(Data segment)
▼
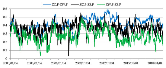 The structure of conditional dependencies in commodity futures markets varied between 2000 and 2018, as confirmed by the different states of markets identified (Figure 6, Figure 7, Figure 8, Figure 9 and Figure 10, Table 3, Table 4, Table 5, Table 6 and Table 7). In the period from late 2007 to early 2013 marked by the global economic and financial crisis (the 2007–2009 subprime crisis, the 2008–early 2013 European debt crisis), changes in the structure of these dependencies were particularly noticeable in the markets for commodity futures, in which rates of return on quoted prices were generally weakly correlated (soft commodities; agricultural commodities other than grains and oilseeds). As regards futures contracts for agricultural commodities, the strongest dependence between the rates of return was recorded for soybeans and soybean oil futures (Figure 1, Table 3). Soybeans are used in the production of many foods because of their high protein content, with approximately 2/3 of produced soybeans being processed into soybean oil and soybean meal. In turn, soybean oil is used to produce cooking oils, margarine, mayonnaise and salad dressings, in the chemical industry and in biodiesel production [88]. An increase in dependencies between soybeans and soybean oil futures contracts was observed in 2004, with stronger relationships recorded over the next nine years. One of the reasons for the increased dependencies may have been connected with the development of the biofuel market. The requirement to add ethanol to fuels was introduced in 2001 by the European Union and in 2005 by the U.S. Congress [89]. Two states of market were identified in the agricultural commodity futures market (Figure 6, Table 3). The correlation between the rates of return on futures prices in the agricultural commodity market became stronger in early 2008 and remained at a similar level until mid-October, 2012. In approximately the same period stronger dependencies were also recorded in the futures market for soft commodities, where two states of the market were also identified (Figure 7, Table 4).
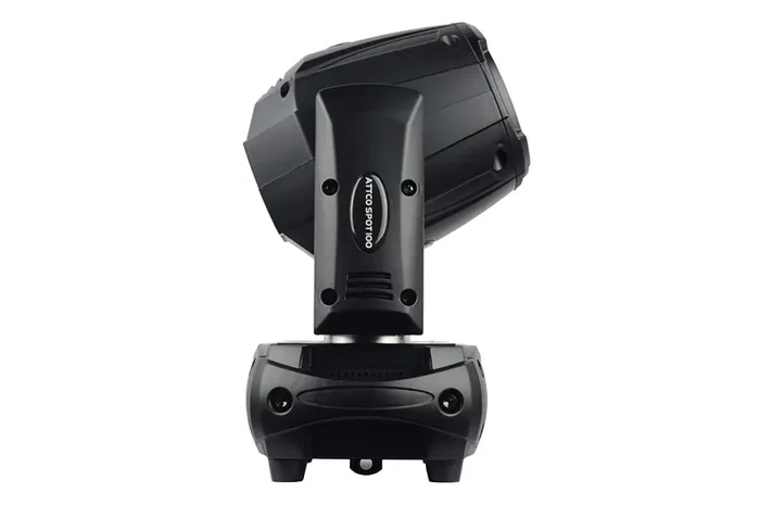 The JMAZ JZ3009 Attco Spot 100 is 75w LED Moving Head Spot with Prism, Color and Gobo Wheel. Light Source: 1 x 75W White LED. Long Life LED (Rated Over 50000 hours). 4 Operating Modes: Sound. Active, Show Mode, DMX Controlled and RF Remote Control. 9 Built-in Lighting Shows. 3-Facet Prism. Effect with Variable Speed and Direction. Motorized Focus from Near to Far (2.5M-30M). Scan Position Memory, Auto Reposition After Unexpected Movement. Includes Omega Bracket for Truss Mounting.
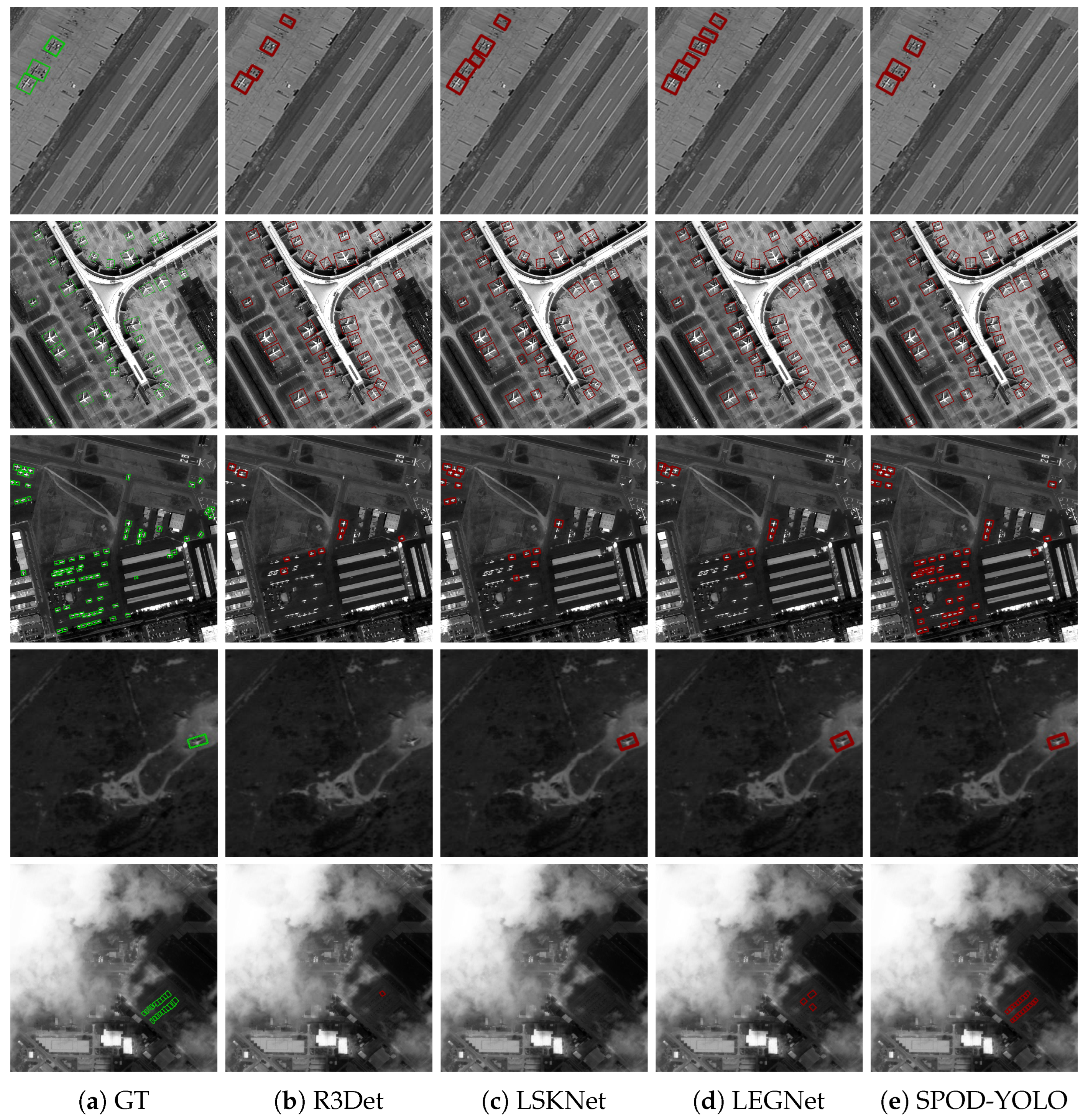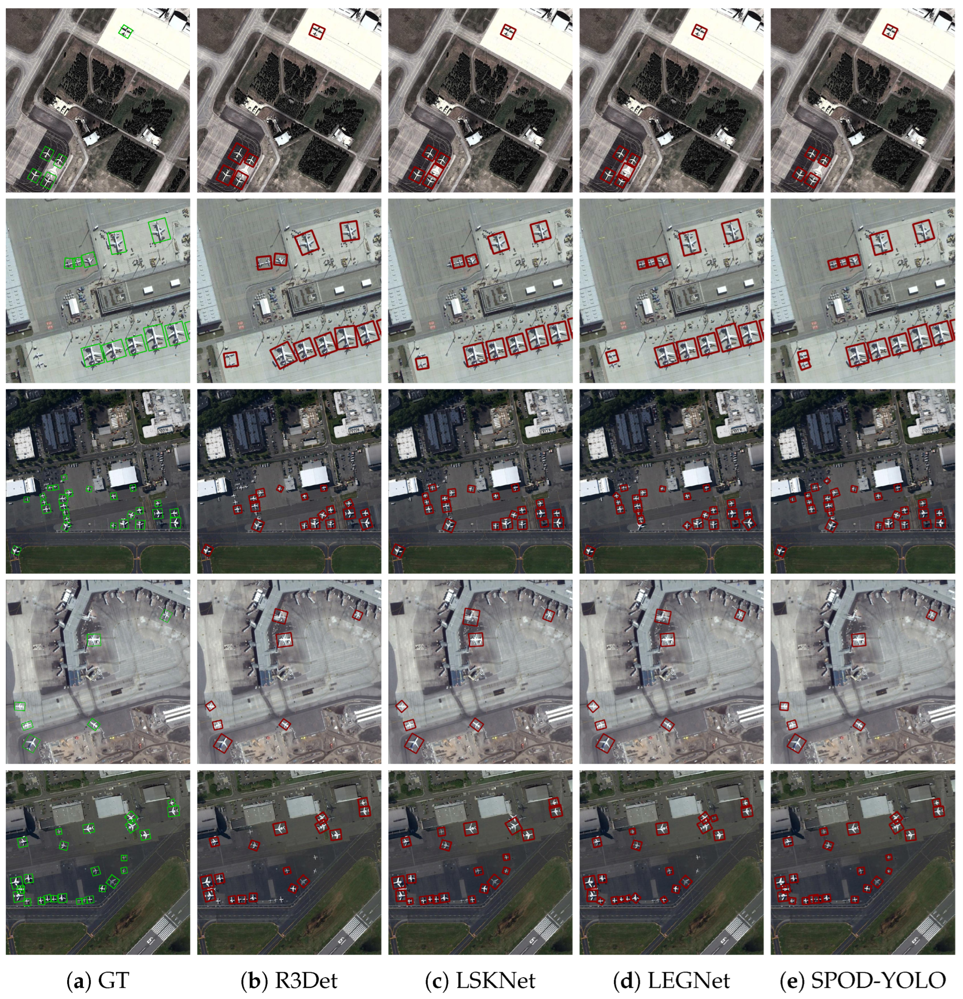 In remote sensing imagery, particularly in typical scenarios such as airports, aircraft often exhibit strong directional consistency and dense spatial distributions. In such scenes, traditional object detection methods that employ HBB face critical limitations. Due to the intrinsic orientation of aircraft, horizontal boxes fail to tightly enclose object boundaries, resulting in significant redundant background regions. This issue becomes more pronounced in dense scenes, where multiple HBBs tend to overlap extensively, severely impacting the performance of non-maximum suppression (NMS). These overlaps often lead to increased false positives and missed detections. In contrast, RBB detection can align with the principal axis of objects, providing more compact and precise enclosures. This alignment alleviates bounding box collisions in high-density areas and enhances detection robustness under crowded conditions.
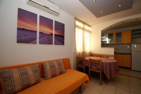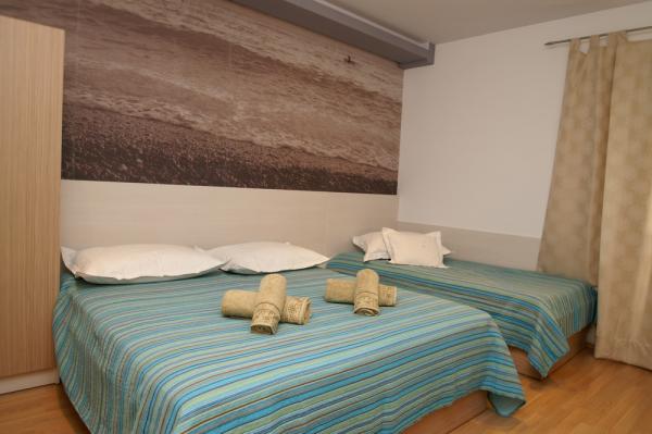 Nasze apartamenty znajdują się w Tučepi, na drugim i trzecim piętrze domu rodzinnego, w pobliżu plaży (100 m), sklepów (50 m), boisk sportowych (300 m), licznych restauracji i centrum miasta (800 m). Wszystkie apartamenty wyposażone są w klimatyzację, telewizor, bezpłatne łącze WiFi, ręczniki i pościel. Odbywają się regularnie. Większe apartamenty (apartament 5 i ap 6) wyposażone są w zmywarkę. Parking znajduje się w garażu, każdy gość ma swój własny klucz do garażu. Do dyspozycji gości pralka (bezpłatnie). Plaża w pobliżu domu jest zagospodarowana, piaszczysta. Wzdłuż całej plaży rosną sosny - naturalny cień. Promenada wzdłuż plaży jest zamknięta dla ruchu. Przy dłuższym pobycie (powyżej 7 dni) lub w celu dopasowania się do istniejących terminów udzielamy rabatu.
▲
(Your assignment) Wherever an image sits in the data, omit it; everything else must be copied exactly.

(Solution)
 The structure of conditional dependencies in commodity futures markets varied between 2000 and 2018, as confirmed by the different states of markets identified (Figure 6, Figure 7, Figure 8, Figure 9 and Figure 10, Table 3, Table 4, Table 5, Table 6 and Table 7). In the period from late 2007 to early 2013 marked by the global economic and financial crisis (the 2007–2009 subprime crisis, the 2008–early 2013 European debt crisis), changes in the structure of these dependencies were particularly noticeable in the markets for commodity futures, in which rates of return on quoted prices were generally weakly correlated (soft commodities; agricultural commodities other than grains and oilseeds). As regards futures contracts for agricultural commodities, the strongest dependence between the rates of return was recorded for soybeans and soybean oil futures (Figure 1, Table 3). Soybeans are used in the production of many foods because of their high protein content, with approximately 2/3 of produced soybeans being processed into soybean oil and soybean meal. In turn, soybean oil is used to produce cooking oils, margarine, mayonnaise and salad dressings, in the chemical industry and in biodiesel production [88]. An increase in dependencies between soybeans and soybean oil futures contracts was observed in 2004, with stronger relationships recorded over the next nine years. One of the reasons for the increased dependencies may have been connected with the development of the biofuel market. The requirement to add ethanol to fuels was introduced in 2001 by the European Union and in 2005 by the U.S. Congress [89]. Two states of market were identified in the agricultural commodity futures market (Figure 6, Table 3). The correlation between the rates of return on futures prices in the agricultural commodity market became stronger in early 2008 and remained at a similar level until mid-October, 2012. In approximately the same period stronger dependencies were also recorded in the futures market for soft commodities, where two states of the market were also identified (Figure 7, Table 4).
 The JMAZ JZ3009 Attco Spot 100 is 75w LED Moving Head Spot with Prism, Color and Gobo Wheel. Light Source: 1 x 75W White LED. Long Life LED (Rated Over 50000 hours). 4 Operating Modes: Sound. Active, Show Mode, DMX Controlled and RF Remote Control. 9 Built-in Lighting Shows. 3-Facet Prism. Effect with Variable Speed and Direction. Motorized Focus from Near to Far (2.5M-30M). Scan Position Memory, Auto Reposition After Unexpected Movement. Includes Omega Bracket for Truss Mounting.
 In remote sensing imagery, particularly in typical scenarios such as airports, aircraft often exhibit strong directional consistency and dense spatial distributions. In such scenes, traditional object detection methods that employ HBB face critical limitations. Due to the intrinsic orientation of aircraft, horizontal boxes fail to tightly enclose object boundaries, resulting in significant redundant background regions. This issue becomes more pronounced in dense scenes, where multiple HBBs tend to overlap extensively, severely impacting the performance of non-maximum suppression (NMS). These overlaps often lead to increased false positives and missed detections. In contrast, RBB detection can align with the principal axis of objects, providing more compact and precise enclosures. This alignment alleviates bounding box collisions in high-density areas and enhances detection robustness under crowded conditions.
 Nasze apartamenty znajdują się w Tučepi, na drugim i trzecim piętrze domu rodzinnego, w pobliżu plaży (100 m), sklepów (50 m), boisk sportowych (300 m), licznych restauracji i centrum miasta (800 m). Wszystkie apartamenty wyposażone są w klimatyzację, telewizor, bezpłatne łącze WiFi, ręczniki i pościel. Odbywają się regularnie. Większe apartamenty (apartament 5 i ap 6) wyposażone są w zmywarkę. Parking znajduje się w garażu, każdy gość ma swój własny klucz do garażu. Do dyspozycji gości pralka (bezpłatnie). Plaża w pobliżu domu jest zagospodarowana, piaszczysta. Wzdłuż całej plaży rosną sosny - naturalny cień. Promenada wzdłuż plaży jest zamknięta dla ruchu. Przy dłuższym pobycie (powyżej 7 dni) lub w celu dopasowania się do istniejących terminów udzielamy rabatu.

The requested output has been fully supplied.